Example jobΒΆ
The following job script job.sh is an example from Riley et al. 2019 (ApJL, 887, L21), for the
Slurm batch system on the Cartesius system (see SURFsara systems).
#!/bin/bash
#SBATCH -N 5
#SBATCH --tasks-per-node=32
#SBATCH -t 1-00:00:00
#SBATCH -p broadwell
#SBATCH --job-name=run1
echo start of job in directory $SLURM_SUBMIT_DIR
echo number of nodes is $SLURM_JOB_NUM_NODES
echo the allocated nodes are:
echo $SLURM_JOB_NODELIST
module load intel/2017b
module load python/2.7.9
cp -r $HOME/NICER_analyses/J0030_ST_PST $TMPDIR
cd $TMPDIR/J0030_ST_PST
export PYTHONPATH=$HOME/.local/lib/python2.7/site-packages/:$PYTHONPATH
export OMP_NUM_THREADS=1
export OPENBLAS_NUM_THREADS=1
export GOTO_NUM_THREADS=1
export MKL_NUM_THREADS=1
export LD_LIBRARY_PATH=$HOME/MultiNest_v3.11_CMake/multinest/lib:$LD_LIBRARY_PATH
srun python main_run1.py > out_run1 2> err_run1
cp run1* out_run1 err_run1 $HOME/NICER_analyses/J0030_ST_PST/.
#end of job file
A corresponding resume script would look like:
#!/bin/bash
#SBATCH -N 30
#SBATCH --tasks-per-node=32
#SBATCH -t 2-00:00:00
#SBATCH -p broadwell
#SBATCH --job-name=run1_r1
echo start of job in directory $SLURM_SUBMIT_DIR
echo number of nodes is $SLURM_JOB_NUM_NODES
echo the allocated nodes are:
echo $SLURM_JOB_NODELIST
module load intel/2017b
module load python/2.7.9
cp -r $HOME/NICER_analyses/J0030_ST_PST $TMPDIR
cd $TMPDIR/J0030_ST_PST
export PYTHONPATH=$HOME/.local/lib/python2.7/site-packages/:$PYTHONPATH
export OMP_NUM_THREADS=1
export OPENBLAS_NUM_THREADS=1
export GOTO_NUM_THREADS=1
export MKL_NUM_THREADS=1
export LD_LIBRARY_PATH=$HOME/MultiNest_v3.11_CMake/multinest/lib:$LD_LIBRARY_PATH
srun python main_run1_resume1.py > out_run1_resume1 2> err_run1_resume1
cp run1* out_run1_resume1 err_run1_resume1 $HOME/NICER_analyses/J0030_ST_PST/.
#end of job file
Note how srun is aware of the MPI World, so there is no need specify the
number of processes to spawn as a flag argument. Also note that the number of
processes (which we set to equal the number of physical cores per node)
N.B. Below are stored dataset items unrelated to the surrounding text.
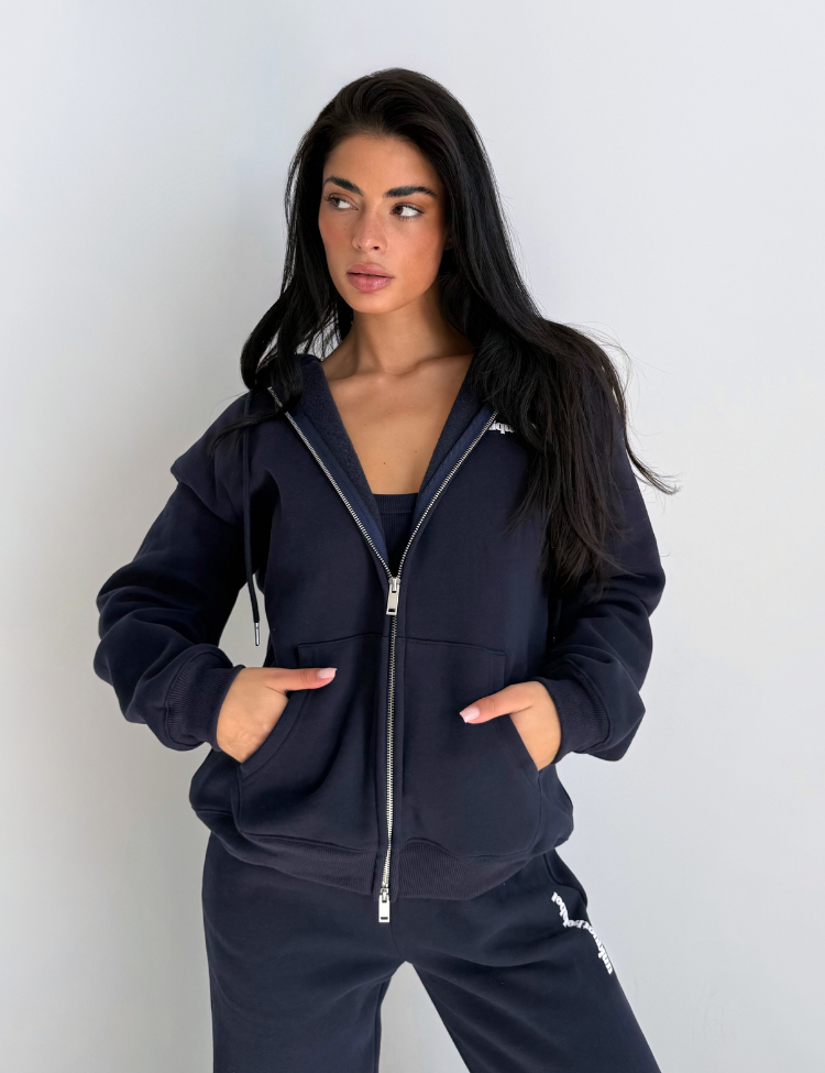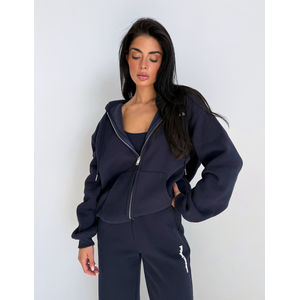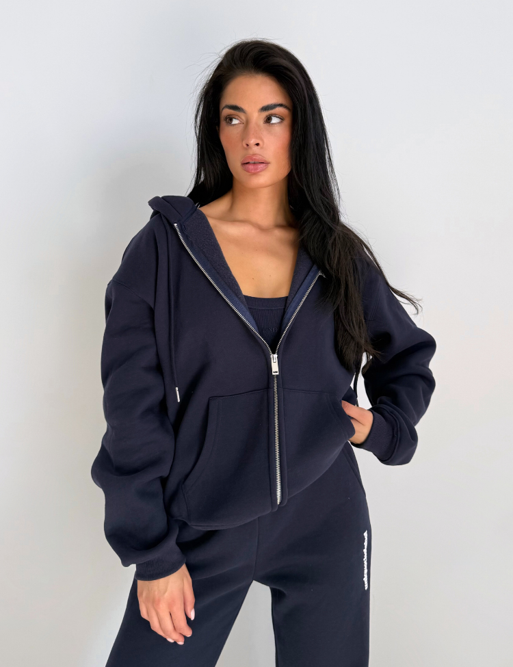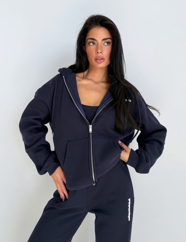 Dit donkerblauwe vest van Unique The Label kenmerkt zich door de oversized pasvorm met comfortabele capuchon. De doorlopende rits met zilverkleurige details en de tekstprint op de borst geven het vest een moderne uitstraling. De kangoeroezakken aan de voorzijde bieden praktische opbergruimte, terwijl de ribgebreide boorden bij de mouwen en zoom zorgen voor een perfecte afsluiting. Het zachte materiaal voelt aangenaam aan en de relaxte snit geeft je alle bewegingsvrijheid die je nodig hebt.
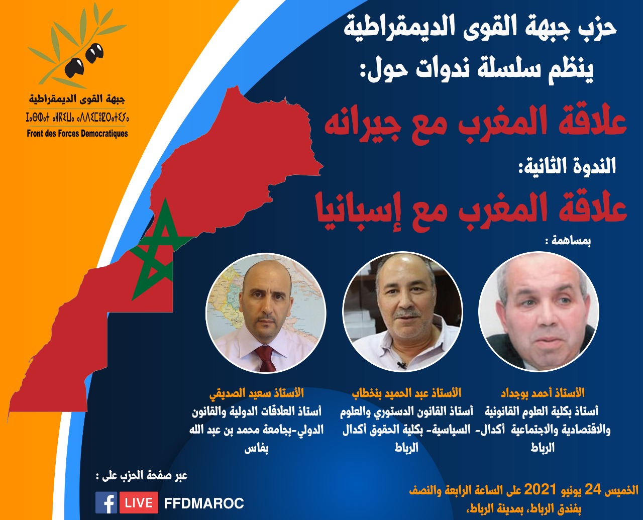 ينظم حزب جبهة القوى الديمقراطية ندوة في موضوع ” علاقة المغرب مع إسبانيا “، بمساهمة الأساتذة عبد الحميد بنخطاب، أحمد بوجداد وسعيد الصديقي، يوم الخميس 24 يونيو 2021، بقاعة الندوات، بفندق الرباط، بمدينة الرباط، ابتداء من الساعة الرابعة والنصف بعد الزوال (16h30).
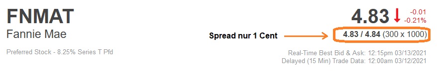 Letzteres könnte für ihn aber böse ins Auge gehen, wenn z. B. heute um 14 Uhr MEZ (8 Uhr US-Ostküstenzeit) eine außergerichtliche Einigung ankündigt würde*. Dann wäre FNMAS vermutlich schnell bei 25 Dollar (entsprechend 20 Euro), und der Marketmaker würde bis zu 14,70 Euro Verlust machen.
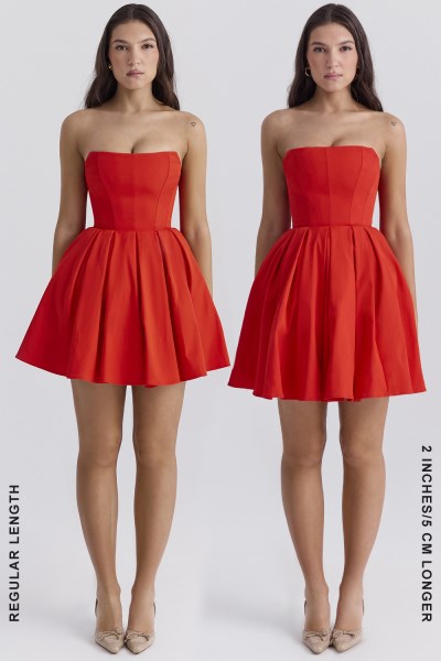 'Emmanuela' is beautifully constructed and this ultra feminine mini style is cut from soft peached twill. It has a strapless, corseted bodice to cinch your waist to highlight your figure and a perfectly pleated mini skirt. The tulle underskirt creates pretty volume and 'Emmanuela' is a favourite for sunny destinations. Accessorise with a delicate necklace and barely there heels. It zips to the back for easy on. Taller girls, we heard you and this is available in two lengths, our regular mini length and 2 inches / 5cm longer. Regular: Approx 69cm and Longer: Approx 74cm. WHERE TO WEAR

specified in the top directives is far higher than for the initial run. This
is because parallelisation efficiency scales with the local rejection fraction
during a nested sampling iteration.
Finally, note that only the root process will generate output for inspection.